Myriad 2 is now sampling to key customers; according to El-Ouazzane, Movidius determines which companies will get access to its technology based not only on expected production volume, but also on product quality, trendsetter potential in new markets, and the ability to establish key customers in multiple market segments. El-Ouazzane forecasts that these initial engagements will ramp into production within twelve months, at which point Myriad 2 will cost "single digits in high volume." Movidius also intends to eventually broaden its customer and market attention beyond today's highly focused approach.
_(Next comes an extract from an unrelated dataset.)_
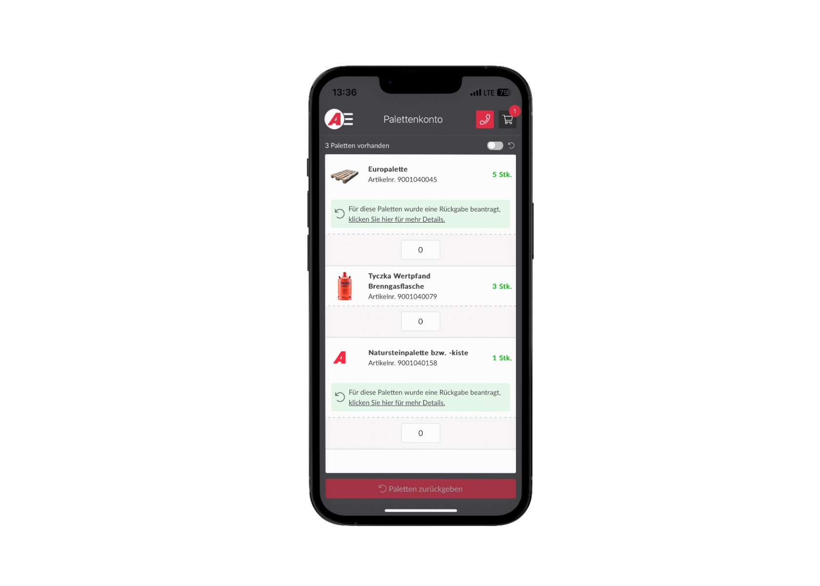 Palettenkontostand einsehen/ Rückgabe von Paletten organisieren

Movidius positions Myriad 2 as both a vision co-processor to a primary system CPU and a primary CPU in specific situations (wearables, for example, and some industrial markets). Will there be a sufficient-sized aggregate market to support a standalone vision (co-)processor chip not only now but in the future? Other vendors, supplying vision-augmented CPUs, DSPs, FPGAs, GPUs and other devices and pointing to the generalized trend of ever-increasing feature subsumation via integration over time, might say that the answer is "no". But El-Ouazzane clearly disagrees with any skeptics; when pressed, he was emphatic that the company's sole focus is and will continue to be on chip sales, with no plans to do core licensing. In fact, he forecasts increased competition from other emerging vision (co-)processor chip suppliers in the near future.